■ Task requirements ■
Using the listing below, output only the lines from the one that contains "شومیز زنانه وارداتی" through the one that contains "TB8637 2 SMALL", inclusive, exactly as given and without images.

■ Information shown ■
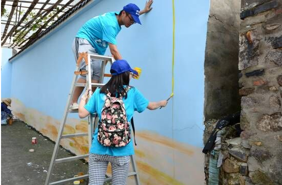 图为实践队成员为社区绘制壁画 为响应建设美丽乡村、美丽社区的号召,信息海·舟山蓝暑期社会实践队一行来到习主席访舟路程中的新型社区——南洞社区,开展了以“绿益光谷画述美丽海岛,蔚蓝信息携手最美乡村”的主题活动。在美丽的光谷,队员们与工作人员一起,帮助社区绘制带有本土特色记录当地居民风俗与往事的壁画,并分发了精心准备的调查问卷,围绕着“美丽海岛”展开了一系列调查。同时,实践队向居民们发出倡议,呼吁大家共同保护美丽舟山,从自己做起,从身边做起,为建设美丽海岛贡献属于自己的一份力量。居民们纷纷在签名墙上留下了自己的名字,团队成员也送上信息91制片厂
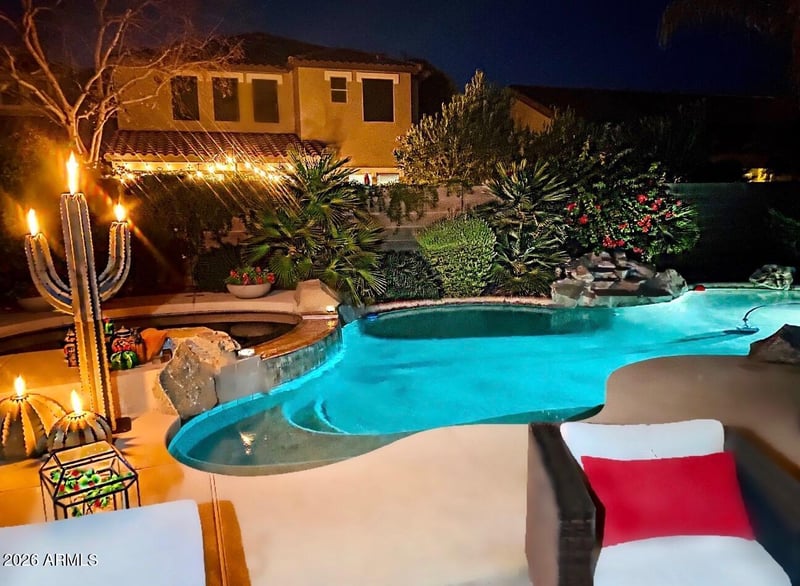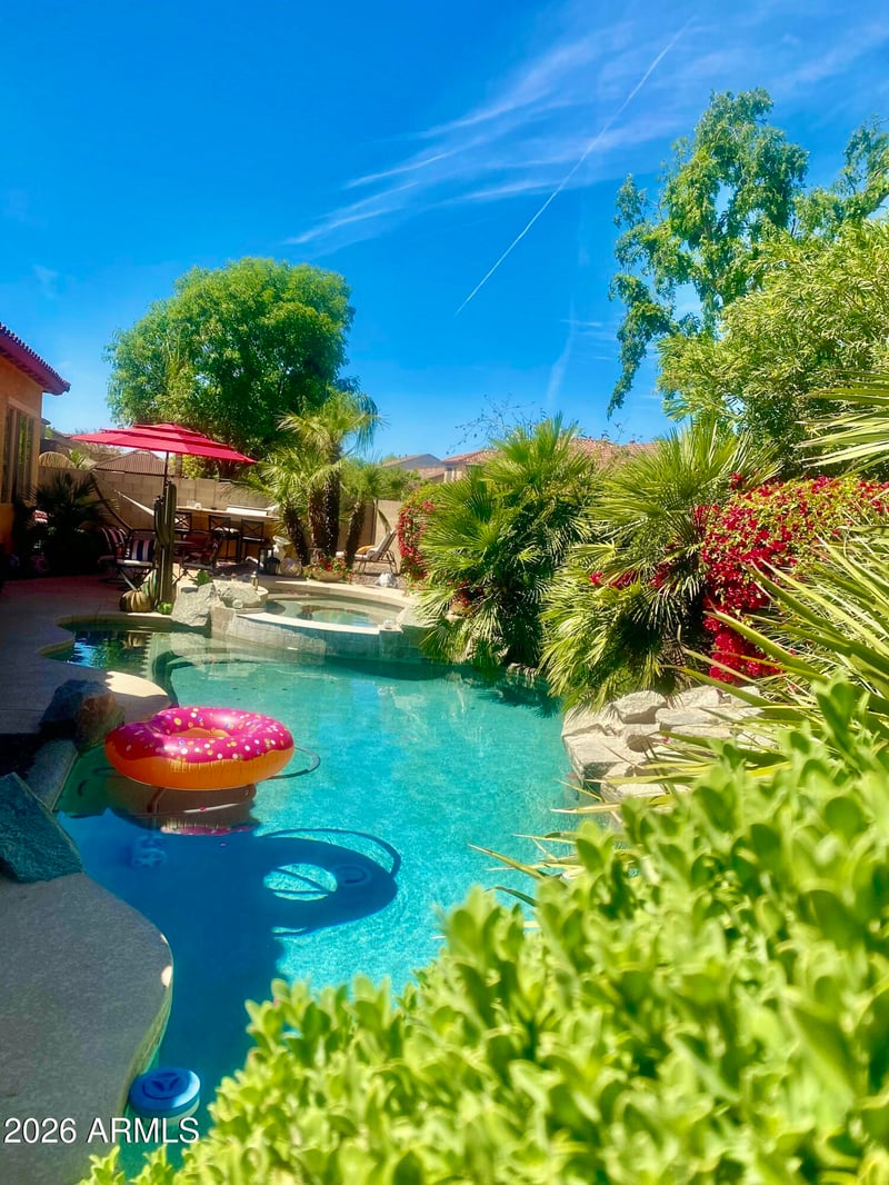 Step outside to your own backyard oasis complete with a sparkling pool, hot tub, and built-in BBQ--perfect for hosting or unwinding in Arizona's beautiful weather. A gated garden entry with a tranquil fountain sets a warm, inviting tone, while the home's location diagonally across from the neighborhood park adds both convenience and charm.
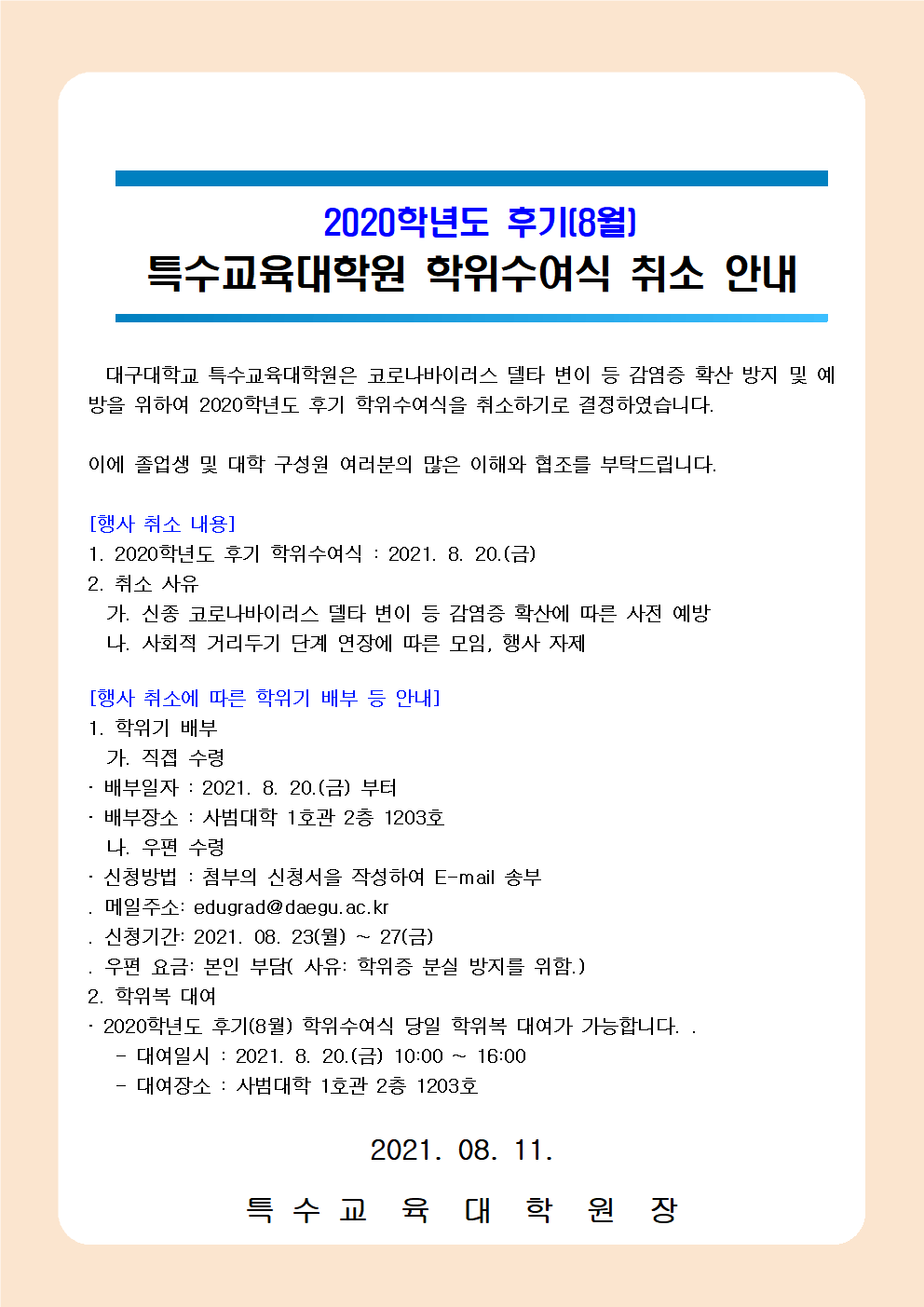 2020학년도 후기(8월) 학위수여식 취소 안내
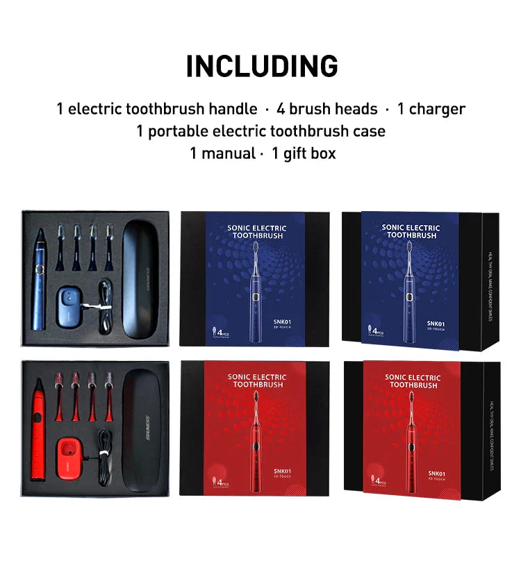 Powered by a robust 750mAh battery, this toothbrush offers long-lasting performance on a single charge. With an easy-to-use 5V-1A charging system, you can conveniently keep your toothbrush ready for daily use. Each purchase includes one electric toothbrush handle along with four replacement brush heads, ensuring you have everything you need for continuous oral care.
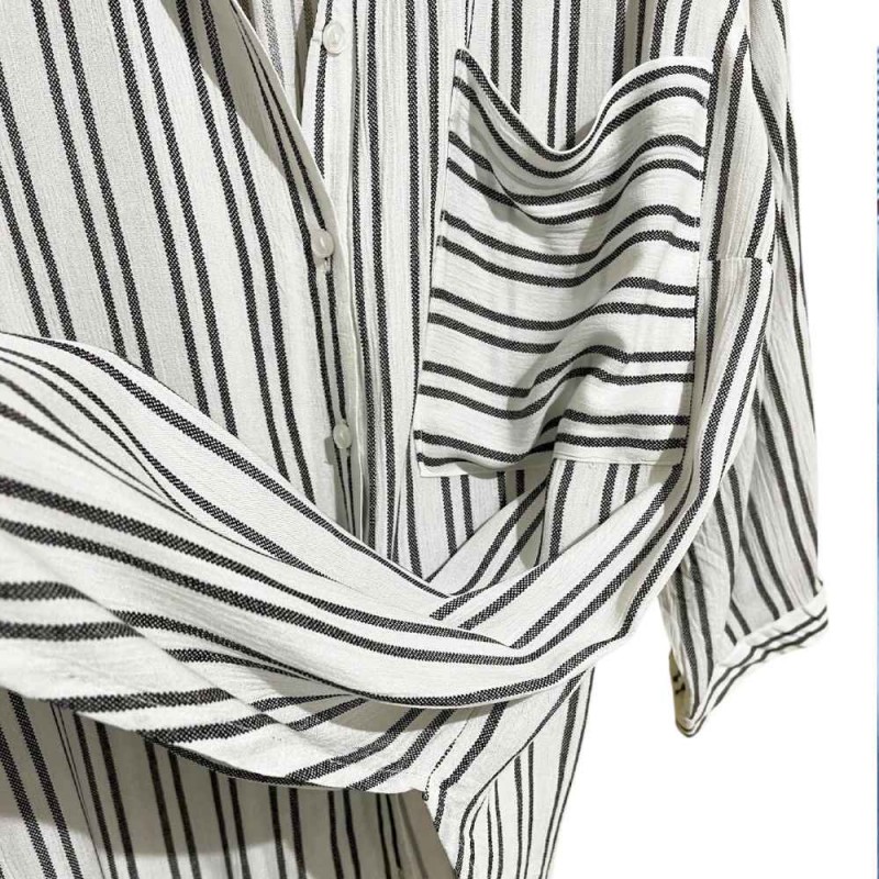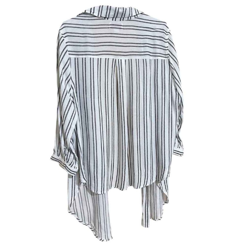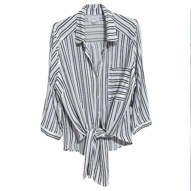 شومیز زنانه وارداتی از برند Vixbe با طرح مشکی سفید و استایل جلو گرهای. آستین سهربع، قواره آزاد، پارچه نخ پنبه طبیعی نرم و لخت، خنک و مناسب فصل گرم.
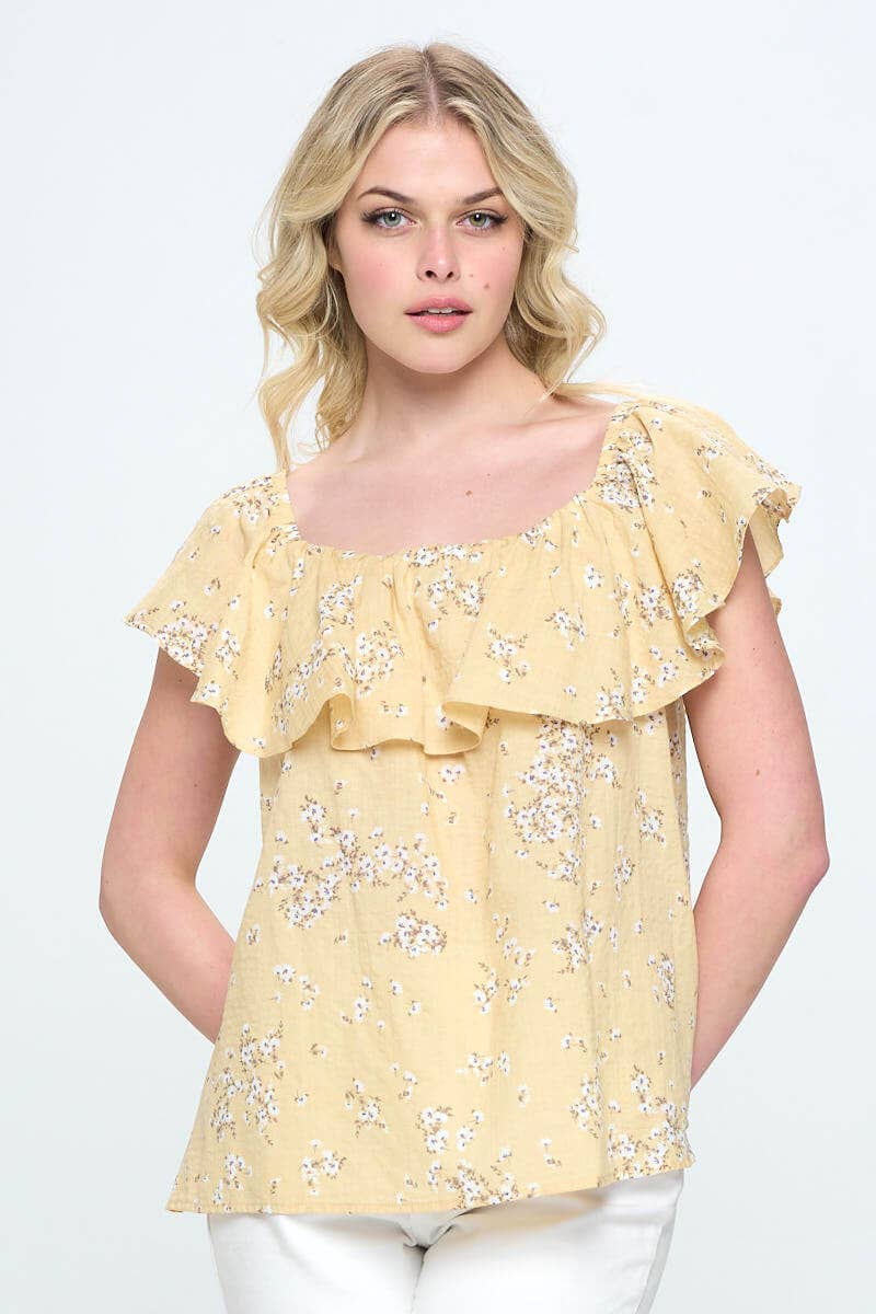 TB8637 2 SMALL 2 MEDIUM 2 LARGE V NECKLINE SCALLOP NECKLINE DETAIL SHORT TULIP SLEEVE FLORAL PRINT SATIN TEXTURE BLOUSE NOT LINED 97%POLYESTER, 3% SPANDEX
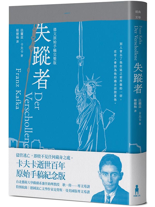 失蹤者(卡夫卡逝世百年紀念版) 內容簡介 「別人會忘了他在這之前所做的一切,沒有人會因為他的過去而指責他。」 ──法蘭茲.卡夫卡,《失蹤者》 儘管逃亡,即使不見任何藏身之處 卡夫卡逝世百年原始手稿紀念版 「當那艘已經放慢速度的船駛進紐約港,他像在一道忽然轉強的陽光中一眼看見他已觀察多時的自由女神像。她持劍的手臂跟先前一樣高高舉起,自由的微風在她身旁吹拂。」 十七歲的卡爾.羅斯曼由於一樁醜聞被父母送往美國,必須在陌異的國度自力更生。每回看似找到棲身之所,卻旋即遭到驅離,處境愈來愈苛刻,即使如此,卡爾仍無畏地朝荒野前進。直到一天,他看見上百位天使矗立於高聳的基座,以金碧輝煌的長喇叭吹奏著不和諧音…… 《失蹤者》為卡夫卡以想像中的新大陸為故事舞台的未竟之作,最初在一九二七年以《美國》為名問世。本書以重建原始手稿的校勘本為基礎,保留原稿拼字和標點,還原被卡夫卡摯友布羅德修改與刪除的部分,並收錄未完成的殘稿,期以忠實呈現的原稿文字,帶讀者一同領略卡夫卡筆下壯闊的美國風景。 ◆專文導讀——耿一偉 台北藝術大學戲劇系兼任助理教授 「卡夫卡難得寫了齣默片式的喜劇,這部小說歡迎每一個人,決定要加入《失蹤者》的人,我們在此向他道賀!」 ◆特別收錄——德國流亡文學作家克勞斯.曼美國版專文導讀 「他必須在美國生活,從而擁有特別的機會。他的創造者希望他能夠證明自己值得擁有這個機會,不希望他走向毀滅。因為詩人在他的一切榮光和悲慘之中深愛著他所創造出的這個純真人物,他最心愛的夢想,他的繼承人。」 專文導讀 耿一偉 台北藝術大學戲劇系兼任助理教授

■ Task output ■
 شومیز زنانه وارداتی از برند Vixbe با طرح مشکی سفید و استایل جلو گرهای. آستین سهربع، قواره آزاد، پارچه نخ پنبه طبیعی نرم و لخت، خنک و مناسب فصل گرم.
 TB8637 2 SMALL 2 MEDIUM 2 LARGE V NECKLINE SCALLOP NECKLINE DETAIL SHORT TULIP SLEEVE FLORAL PRINT SATIN TEXTURE BLOUSE NOT LINED 97%POLYESTER, 3% SPANDEX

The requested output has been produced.